Exercise goal: Should the entries contain pictures, leave them out and return exactly the lines from the first through the line holding "Нарды деревянные большие, настольная".

Extracted records:

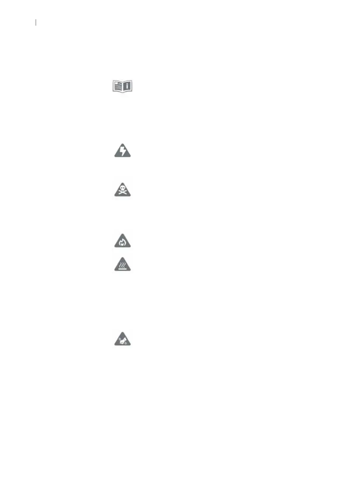 These instructions indicate on dangers for heat and hot surfaces, which can
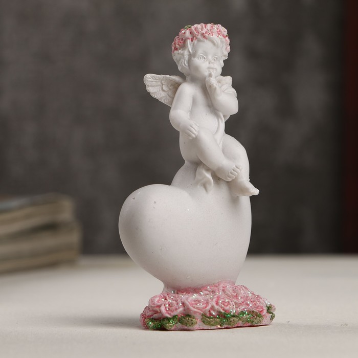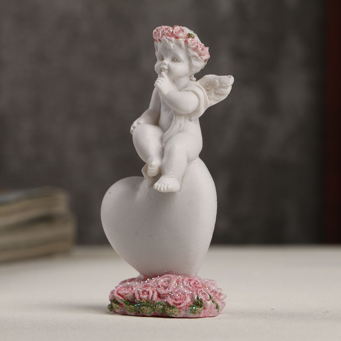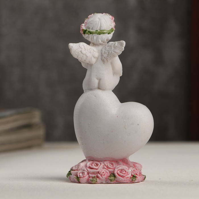 Фигурка полистоун «Белоснежный ангел в розовом веночке верхом на сердце», 8.5×4.3×2.2 см — Характеристики
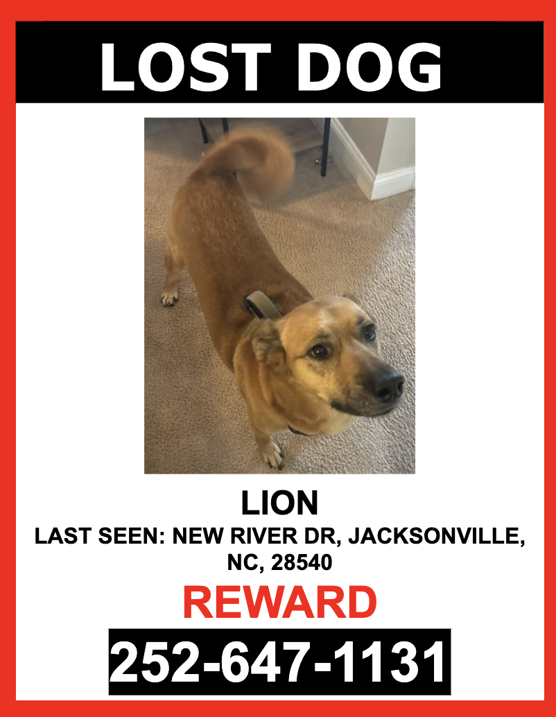 Pet Description:**MISSING SINCE 6/11/24 AT 9:30AM**LION is a MALE, TAN, GERMAN SHEPHERD who escaped and was last seen near NEW RIVER DRIVE.LION is wearing HIS HARNESS with tags and IS microchipped.If you see LION please DO NOT CHASE HIM.PLEASE CALL OR TEXT ONLY.252-329-2332$$ Reward $$ |
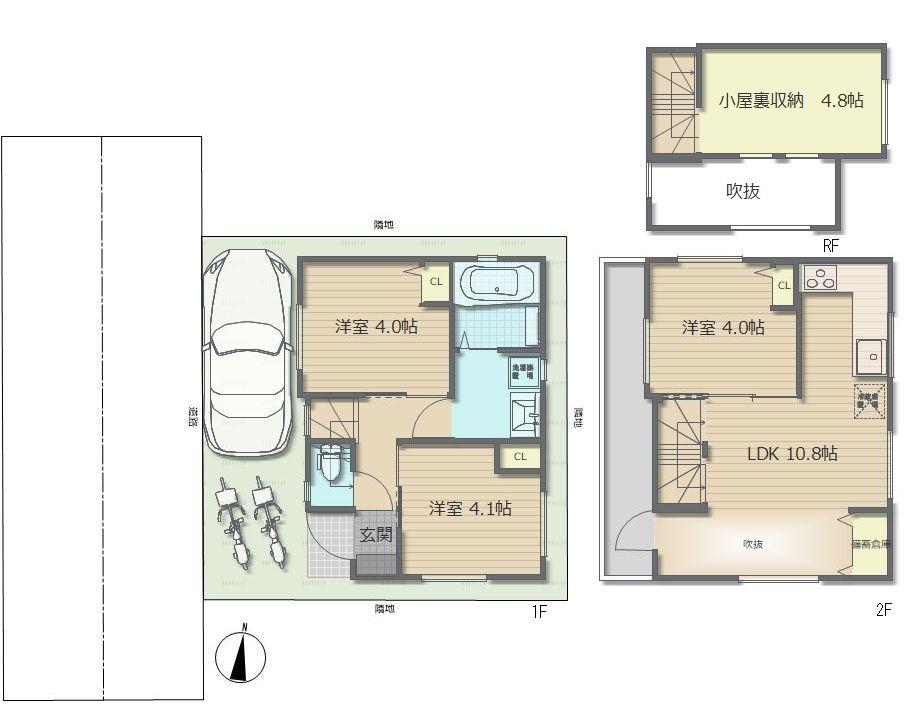 間取内容 LDK10.8畳 2階   洋室4畳 2階   洋室4.1畳 1階   洋室4畳 1階
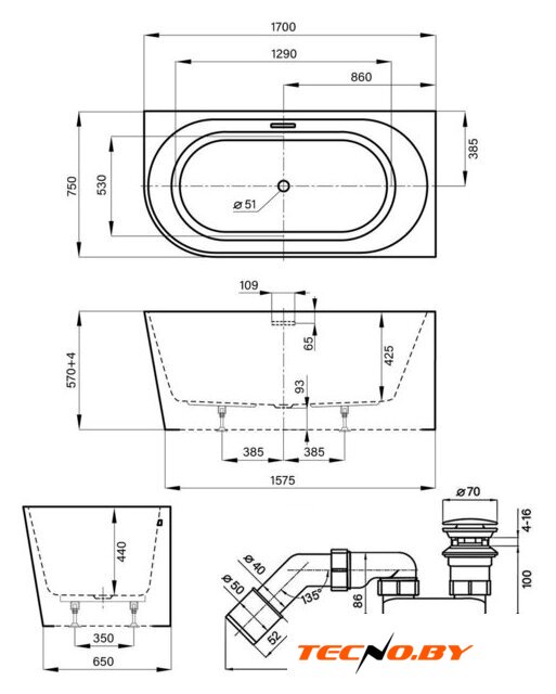 170x75 см, объём: 285 л по цене 1 755,60 руб.
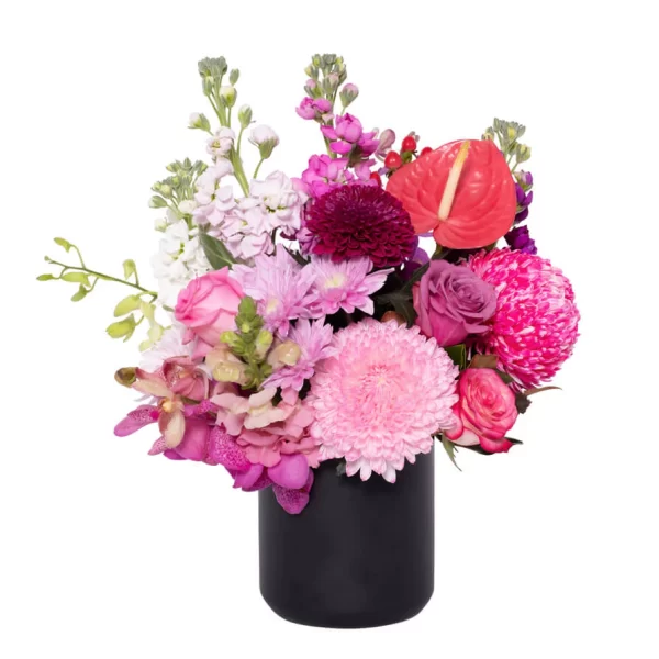 A rich and fabulous array of beautiful pinks, mauves and burgundy graduating creating a raspberry rainbow of rich colours. Ceramic pot is 12cm and flowers are arranged to fit into the pot.
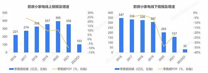 而对厨房小家电零售额进行进一步细分可以发现,虽然整体趋势在2020年迈入负增长,但主要原因是线下渠道销售额的大幅下滑,同年线上销售额还保持着接近10%的增幅。
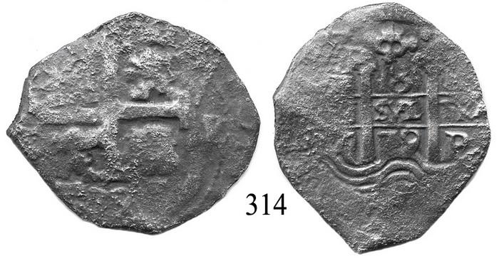 Potosí, Bolivia, cob 8 reales, 1679V/C, scarce. S-P39. 17.6 grams. Full pillars-and-waves, full but corroded cross, 2 dates and assayers (both with V/C), darkly toned. Recovered from: Consolación, sunk in 1681 off Santa Clara Island, Ecuador. With photo-certificate.
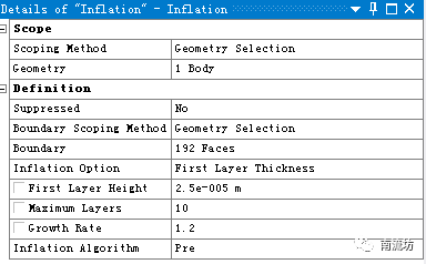 (3)在Mesh中Insert→Inflation,boundary选择机器壁面,Inflation Option选择First Layer Thickness,填入2.5e-5。
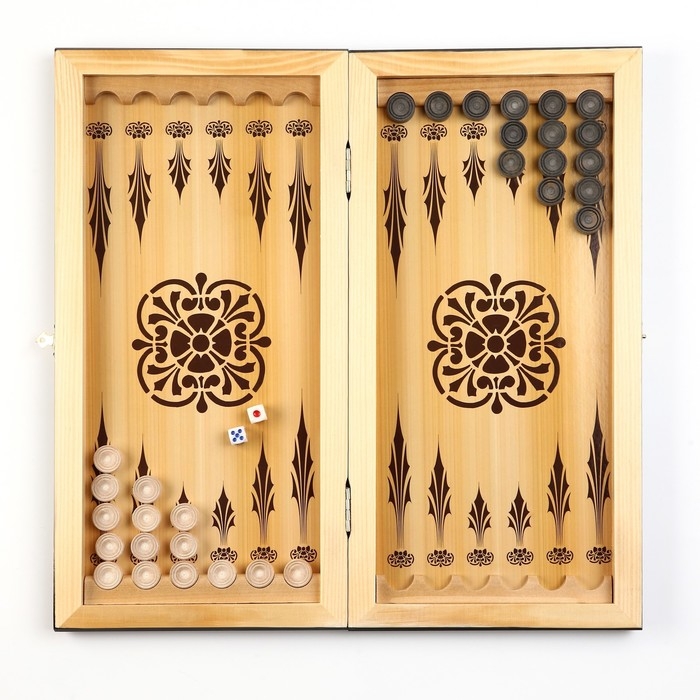 Нарды деревянные большие, настольная игра "Узор", 40 х 40 см, с полем для игры в шашки
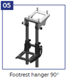 - Короткая подножка, фиксированная по углу наклона 90° с кронштейном и фиксатором опрокидывания подножки (длина голени 15-36 см)
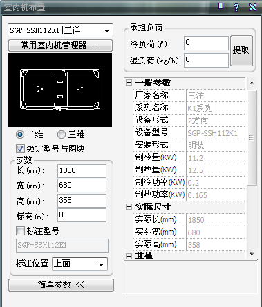 2. 室內機所對應圖塊的長寬高尺寸,讀取自室內機設備庫,用戶可手動修改;
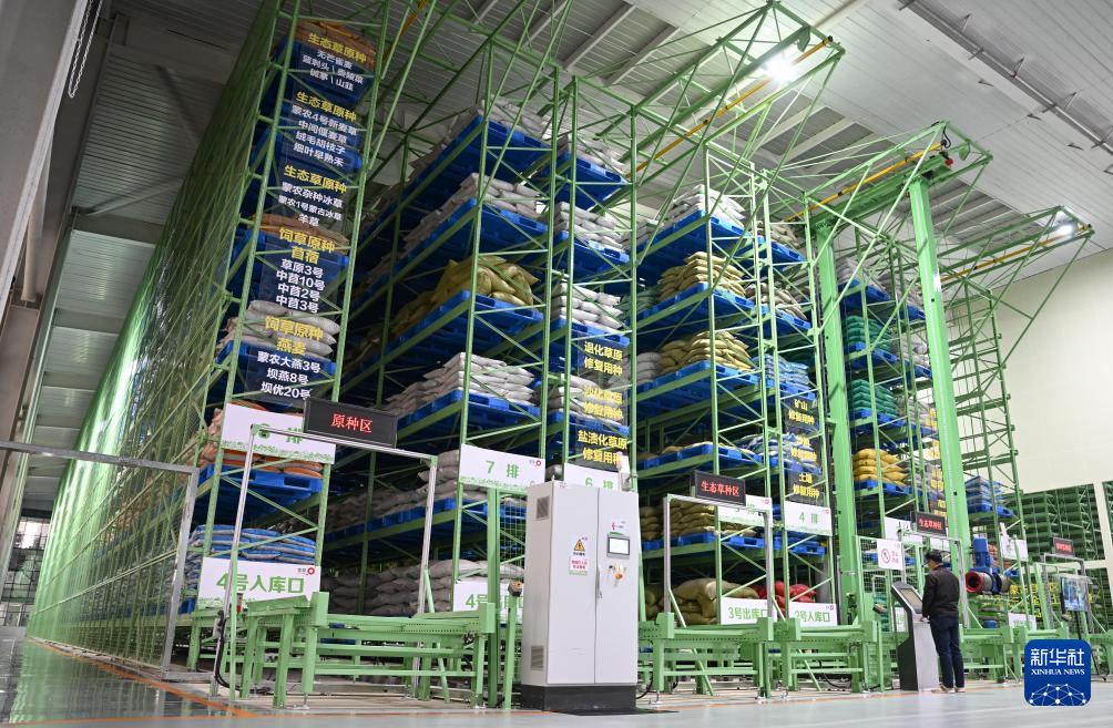 11月4日拍摄的内蒙古呼和浩特市蒙草生态环境(集团)股份有限公司种业中心智能立体库。新华社记者 贝赫 摄
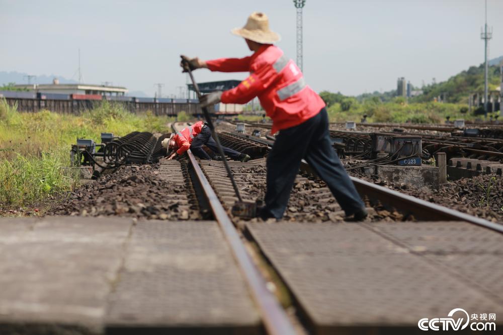 “我们工区现有16人,主要负责兴隆场编组场三场、四场、七场等共计96.914公里线路,179组道岔的巡检养护。今天主要进行设备巡检、起道捣固、绝缘接头排查整治作业。”工区党员工长谢以见介绍道。此时他正带着工友进行起道捣固作业,确保路线更加平顺。
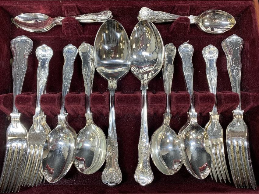 COOPER LUDLUM WOODEN CASE OF KINGS PATTER CUTLERY and a quantity of loose cutlery
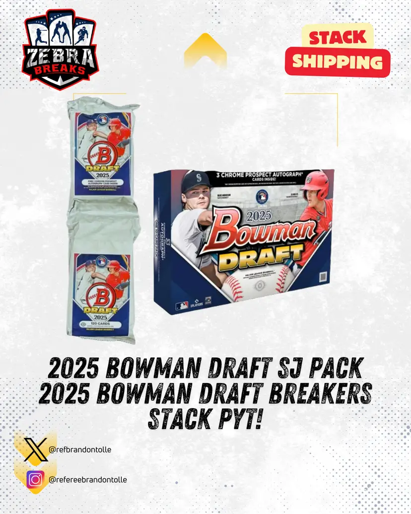 25 Bowman Draft Super Jumbo Pack/25 Bowman Draft Breakers Delight STACK SHIPPING APPLIES All cards stack, you can request shipping by purchasing the "Stack Shipping Request" Item in the marketplace for Zebra Breaks specifically. Stack shipping is a $6 flat fee no matter how large your stack is. Shipping will occur the Sunday/Monday following your request if placed by Thursday night of the week you request shipping.
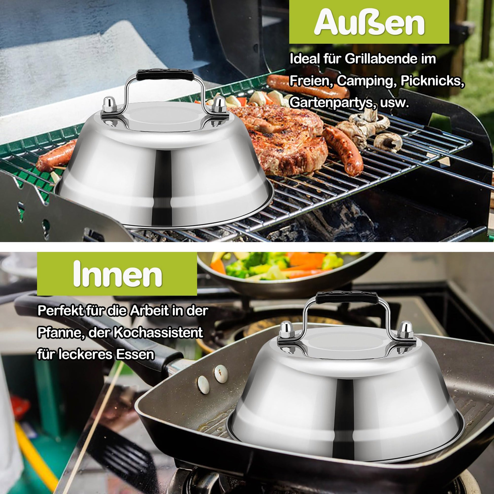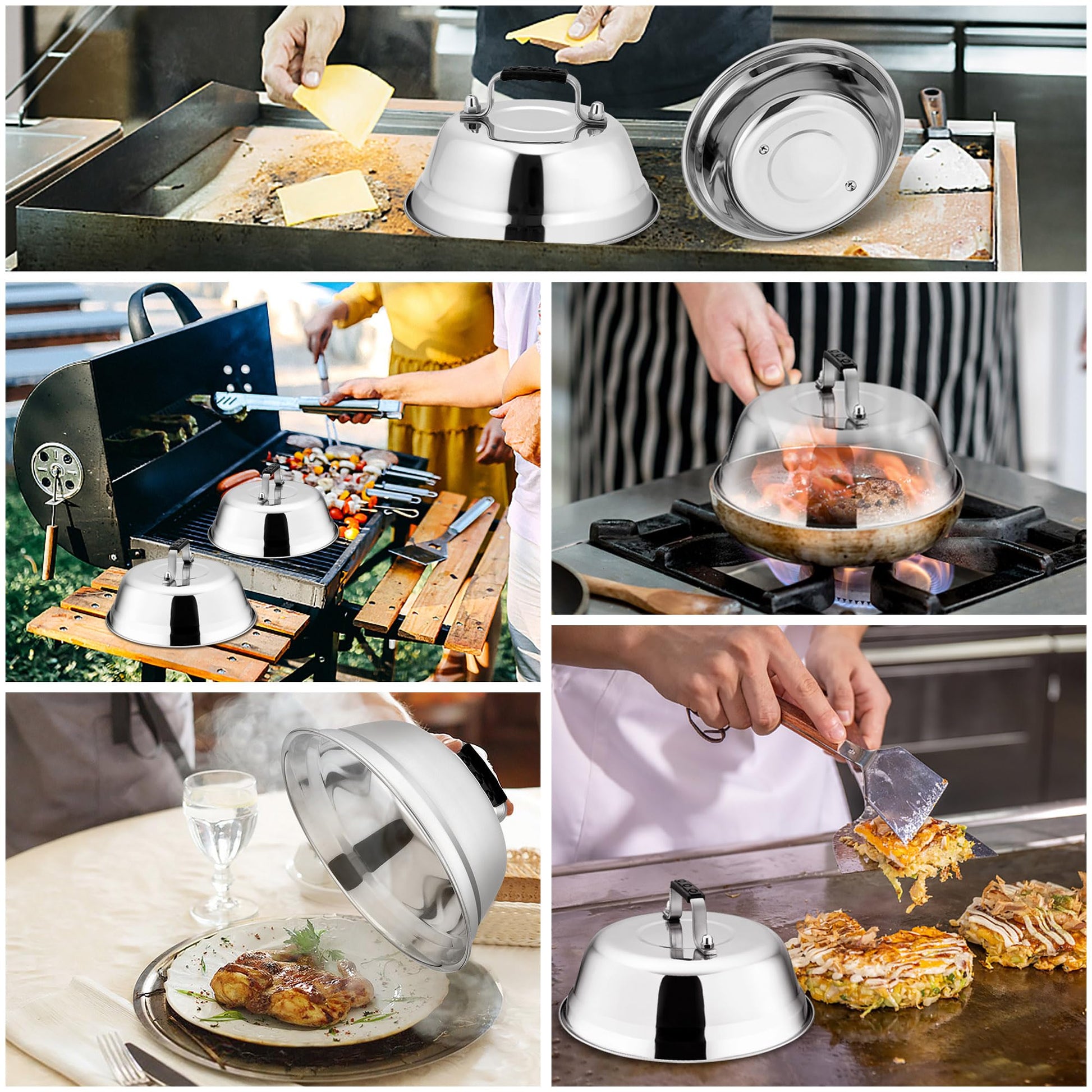 Efficient Cooking - The burger bell creates an oven-like environment where heat can circulate evenly inside, allowing cheese to melt quickly, preventing patty from burning and creating juicy cheeseburgers, Shortening cooking time effectively, Leaving behind hot oil splashes in the past, keeping heat until serving and avoiding stains.
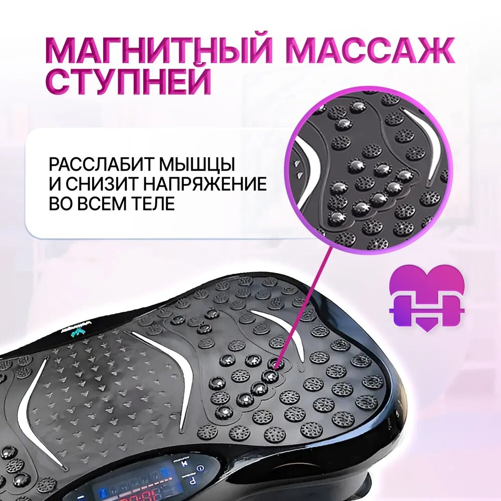 Виброплатформа для похудения до 150кг, Виброплатформа Wellinger, массажер для ног, 99 скоростей, эспандеры 2 шт, чёрная
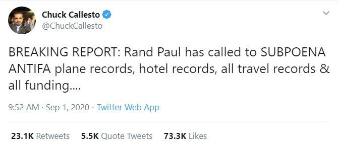 Callesto is not a journalist — he describes himself as a "Digital Real Estate Manager" — and there is no indication that Rand Paul said anything about this on Tuesday. Regardless, Antifa is not an actual organization. That didn't stop the tweet from being retweeted 23,000 times in less than 8 hours. Images of the tweet are also circulating widely on Facebook.
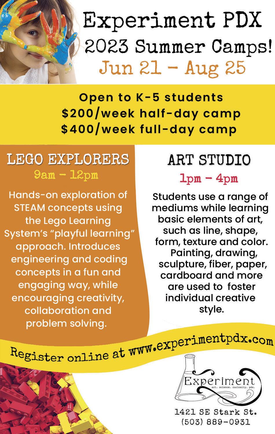 Experiment PDX is all about science and art and this summer’s offerings include Lego Explorers, Art Studio and camps offered by Coding for Kids and Mad Science. experimentpdx.com
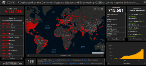 O número de mortos em todo o mundo causados pelo novo coronavírus (COVID-19) subiu para 715.681 hoje, de 708.941 até ontem, com 19.135.088 casos confirmados. Desde ontem são mais de 250.000 novos casos confirmados em todo o mundo. O número de recuperados da pneumonia causada pelo vírus chegou a 11.595.480 hoje, de 11.397.753 até ontem.
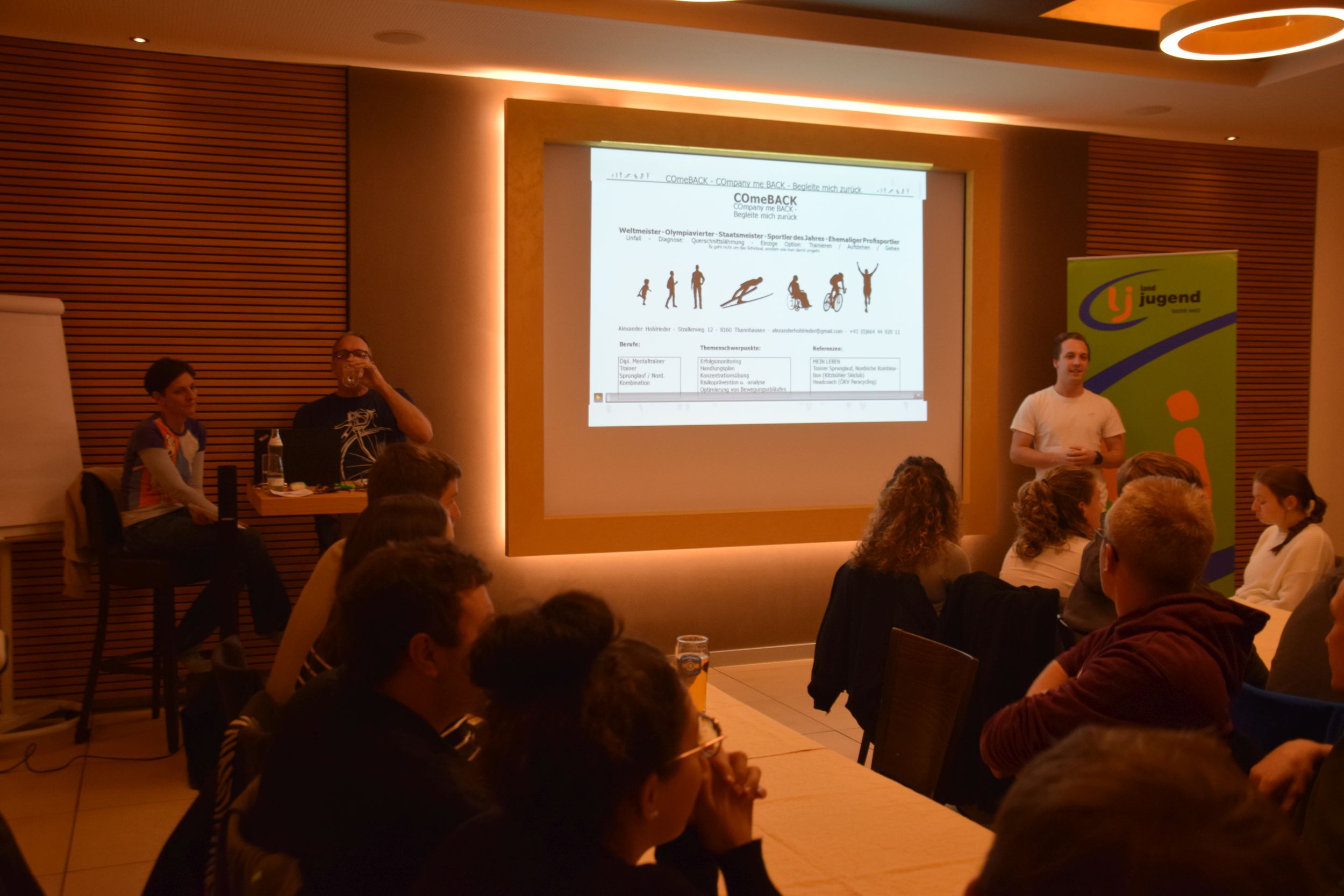 Am 12. November 2024 versammelten sich zahlreiche Mitglieder der Landjugend im Hotel Restaurant Allmer in Weiz, um an einem besonderen Vortrag von Alexander Hohlrieder und seiner Frau Stephanie teilzunehmen. Der ehemalige Spitzensportler und Mentalcoach begeisterte das Publikum mit seiner inspirierenden Lebensgeschichte und gab wertvolle Einblicke in die Kraft der mentalen Stärke.
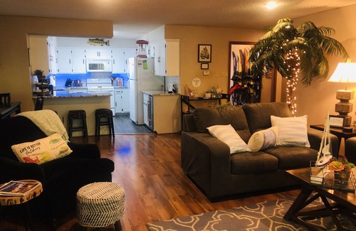 This unit comfortably sleeps 8. The master bedroom has a king size bed. The spare bedroom is perfect for kids or adults as it’s equipped with a queen bed and a daybed trundle. The sofa sleeper comfortably pulls out into a full-size bed. Additionally, there are two full bathrooms.
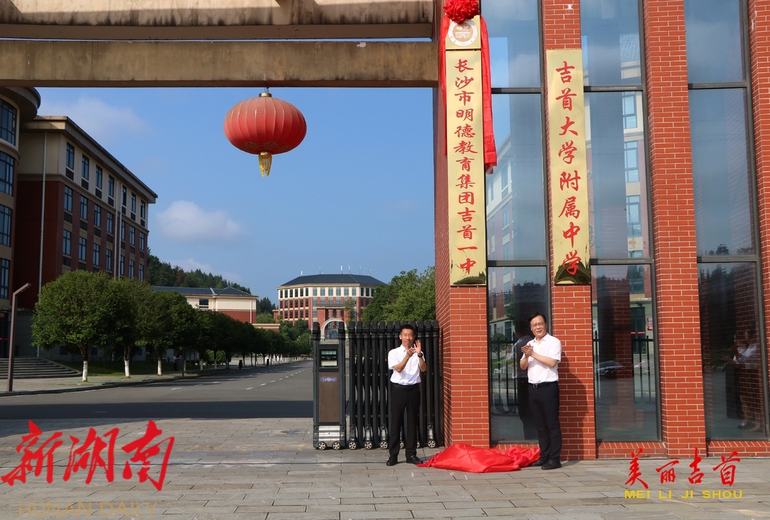 6月15日,长沙市明德教育集团吉首一中揭牌仪式在吉首市第一中学举行。湘西州委常委、吉首市委书记周立志、长沙市明德中学党委副书记、校长王胜楚、市领导李成晚、余琛出席仪式。

Result:
 These instructions indicate on dangers for heat and hot surfaces, which can
 Фигурка полистоун «Белоснежный ангел в розовом веночке верхом на сердце», 8.5×4.3×2.2 см — Характеристики
 Pet Description:**MISSING SINCE 6/11/24 AT 9:30AM**LION is a MALE, TAN, GERMAN SHEPHERD who escaped and was last seen near NEW RIVER DRIVE.LION is wearing HIS HARNESS with tags and IS microchipped.If you see LION please DO NOT CHASE HIM.PLEASE CALL OR TEXT ONLY.252-329-2332$$ Reward $$ |
 間取内容 LDK10.8畳 2階   洋室4畳 2階   洋室4.1畳 1階   洋室4畳 1階
 170x75 см, объём: 285 л по цене 1 755,60 руб.
 A rich and fabulous array of beautiful pinks, mauves and burgundy graduating creating a raspberry rainbow of rich colours. Ceramic pot is 12cm and flowers are arranged to fit into the pot.
 而对厨房小家电零售额进行进一步细分可以发现,虽然整体趋势在2020年迈入负增长,但主要原因是线下渠道销售额的大幅下滑,同年线上销售额还保持着接近10%的增幅。
 Potosí, Bolivia, cob 8 reales, 1679V/C, scarce. S-P39. 17.6 grams. Full pillars-and-waves, full but corroded cross, 2 dates and assayers (both with V/C), darkly toned. Recovered from: Consolación, sunk in 1681 off Santa Clara Island, Ecuador. With photo-certificate.
 (3)在Mesh中Insert→Inflation,boundary选择机器壁面,Inflation Option选择First Layer Thickness,填入2.5e-5。
 Нарды деревянные большие, настольная игра "Узор", 40 х 40 см, с полем для игры в шашки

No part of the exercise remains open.